Assignment: Retype the data below exactly; skip every image.

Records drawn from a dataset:
________________
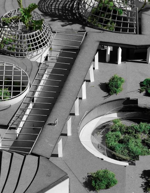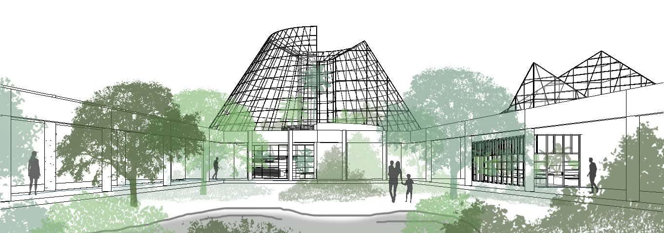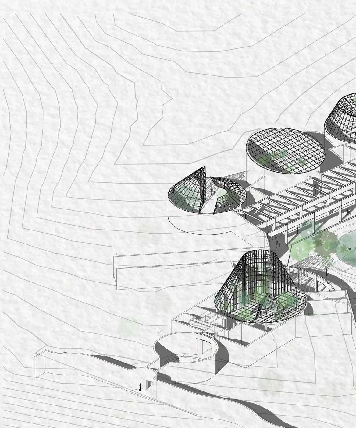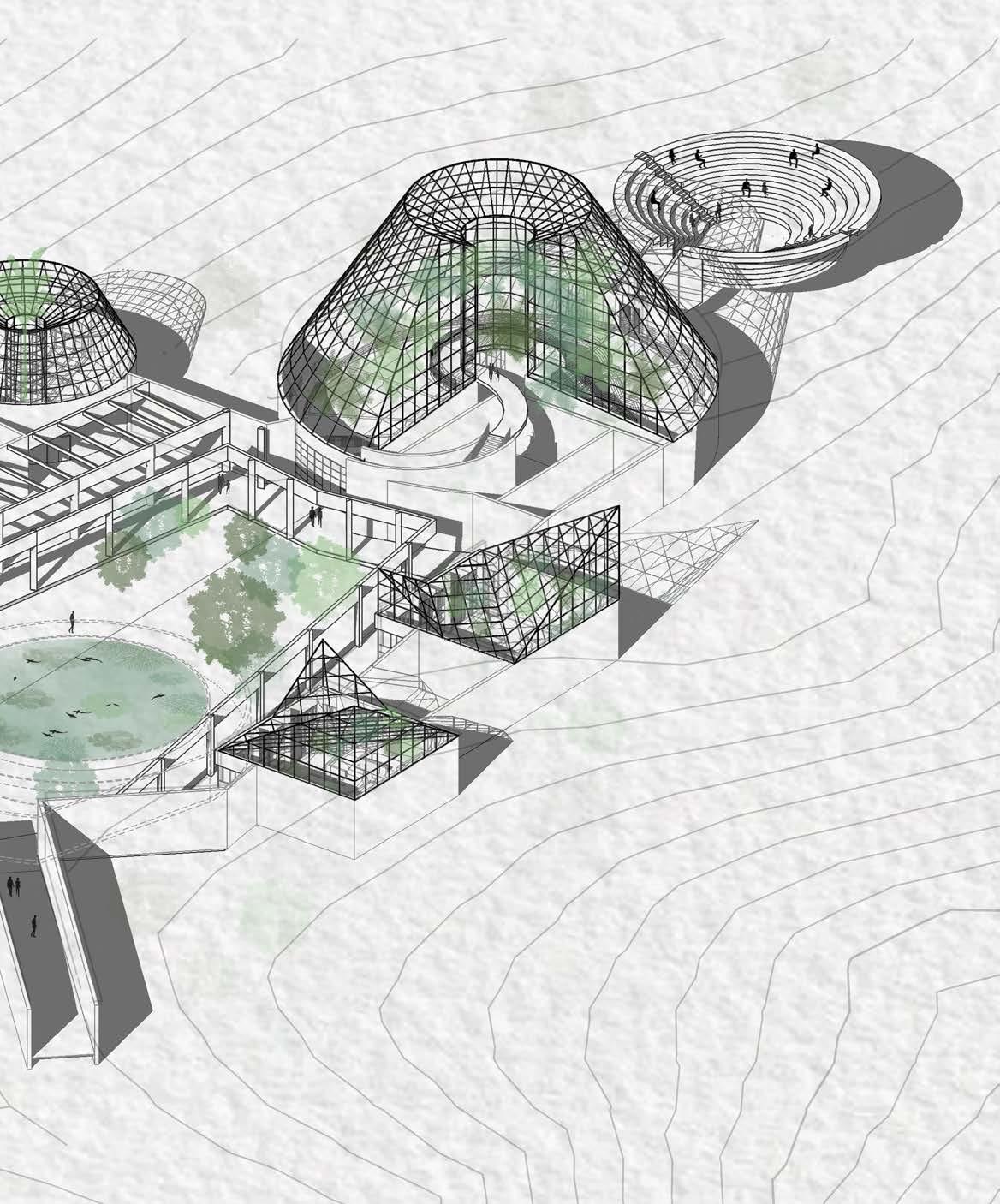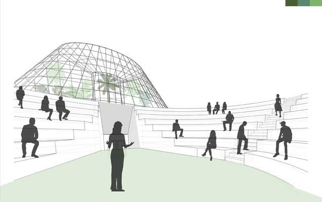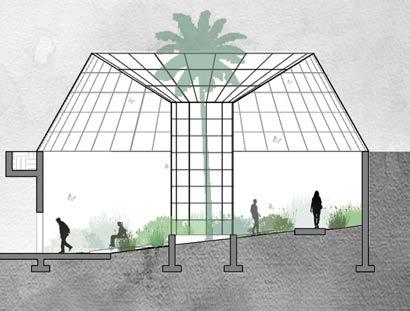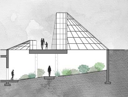 research / reconstruct / expand lucile halsell conservatory, located in the san antonio, texas botanical gardens, exemplifies emilio ambasz’s trademark style, coined “green over gray.” the expansion consists of four new pieces continuing the pattern of fragmented buildings on site. the new installations follow the current flow of circulation by adding new stops while maintaining the same balance around the central sunken courtyard; both in the above ground geometric roof forms and below ground floor plan.
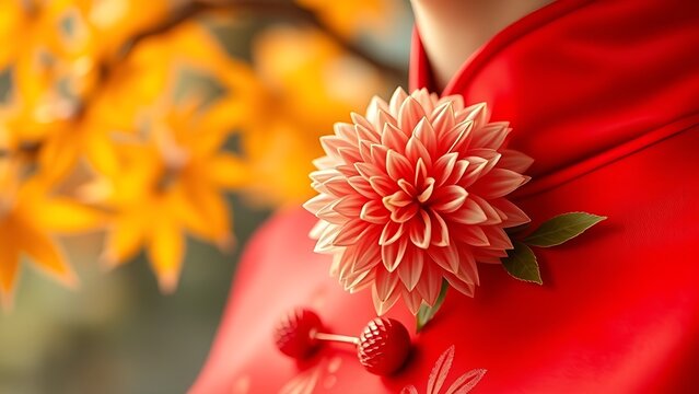 A chrysanthemum flower pinned to a ruby red cheongsam collar, with golden maple leaves in soft focus for China National Day.
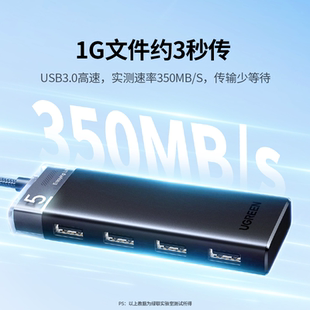 绿联usb扩展器3.0分线器插头高速拓展坞多口延长usp转接头笔记本台式 电脑typec带供电集线器外接u盘hub转换器
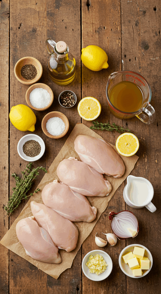 Here’s the lineup for 4 servings (1 chicken breast each). Each ingredient plays a key role, with swaps for flexibility.
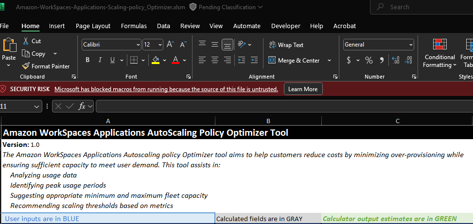 ALT: Screenshot of a macro-enabled Excel spreadsheet (.xlsm file) for the Amazon WorkSpaces Applications AutoScaling Policy Optimizer Tool. A red security risk banner stating “Microsoft has blocked macros from running because the source of this file is untrusted” with a “Learn More” link
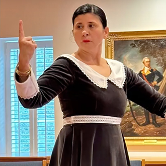 In the final moments, another powerful gesture takes place: Ekici projects the very medieval portraits she had first seen and studied in Schloss Corvey—where “Handgestus” was originally performed—onto the wall of the chapel. The religious iconography from one sacred site is now superimposed onto another, drawing a bridge between German and American soil, between tradition and reinterpretation. The gesture, duplicated, re-sited, becomes a transnational act—suggesting a spiritual conduit that surpasses one’s physical body, and the physical limitations of geography or human will.
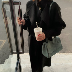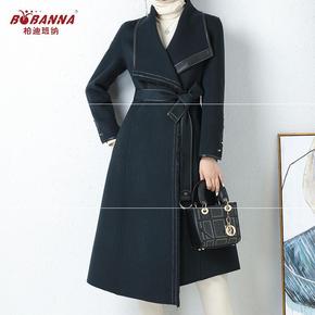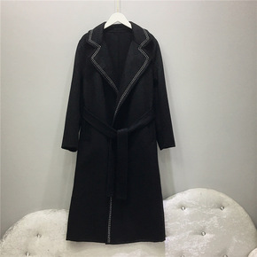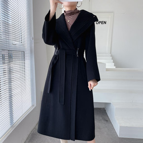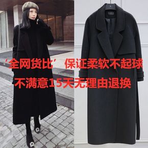 2020女装双面羊绒呢子大衣女过膝秋冬中长款黑色羊...
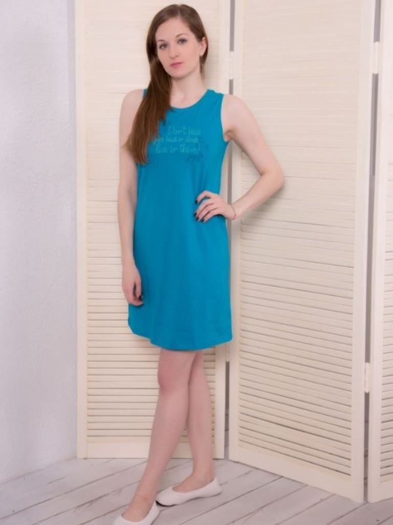 Удобная домашняя туника с орнаментом, длиной до линии колен, свободной формы, без рукавов, круглый вырез горловины. Выполнена из мягкого хлопка, приятная к телу. Отличный вариант на каждый день.
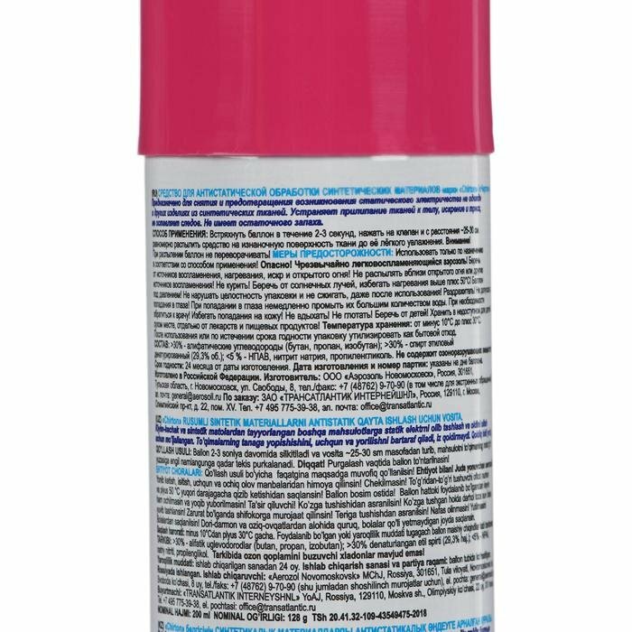 | Отзыв: | Хорошее распыление, небольшого количества хватает на эффект антистатичности. Даже после стирки платье не прилипает. |
________________
Expected answer:
 research / reconstruct / expand lucile halsell conservatory, located in the san antonio, texas botanical gardens, exemplifies emilio ambasz’s trademark style, coined “green over gray.” the expansion consists of four new pieces continuing the pattern of fragmented buildings on site. the new installations follow the current flow of circulation by adding new stops while maintaining the same balance around the central sunken courtyard; both in the above ground geometric roof forms and below ground floor plan.
 A chrysanthemum flower pinned to a ruby red cheongsam collar, with golden maple leaves in soft focus for China National Day.
 绿联usb扩展器3.0分线器插头高速拓展坞多口延长usp转接头笔记本台式 电脑typec带供电集线器外接u盘hub转换器
 Here’s the lineup for 4 servings (1 chicken breast each). Each ingredient plays a key role, with swaps for flexibility.
 ALT: Screenshot of a macro-enabled Excel spreadsheet (.xlsm file) for the Amazon WorkSpaces Applications AutoScaling Policy Optimizer Tool. A red security risk banner stating “Microsoft has blocked macros from running because the source of this file is untrusted” with a “Learn More” link
 In the final moments, another powerful gesture takes place: Ekici projects the very medieval portraits she had first seen and studied in Schloss Corvey—where “Handgestus” was originally performed—onto the wall of the chapel. The religious iconography from one sacred site is now superimposed onto another, drawing a bridge between German and American soil, between tradition and reinterpretation. The gesture, duplicated, re-sited, becomes a transnational act—suggesting a spiritual conduit that surpasses one’s physical body, and the physical limitations of geography or human will.
 2020女装双面羊绒呢子大衣女过膝秋冬中长款黑色羊...
 Удобная домашняя туника с орнаментом, длиной до линии колен, свободной формы, без рукавов, круглый вырез горловины. Выполнена из мягкого хлопка, приятная к телу. Отличный вариант на каждый день.
 | Отзыв: | Хорошее распыление, небольшого количества хватает на эффект антистатичности. Даже после стирки платье не прилипает. |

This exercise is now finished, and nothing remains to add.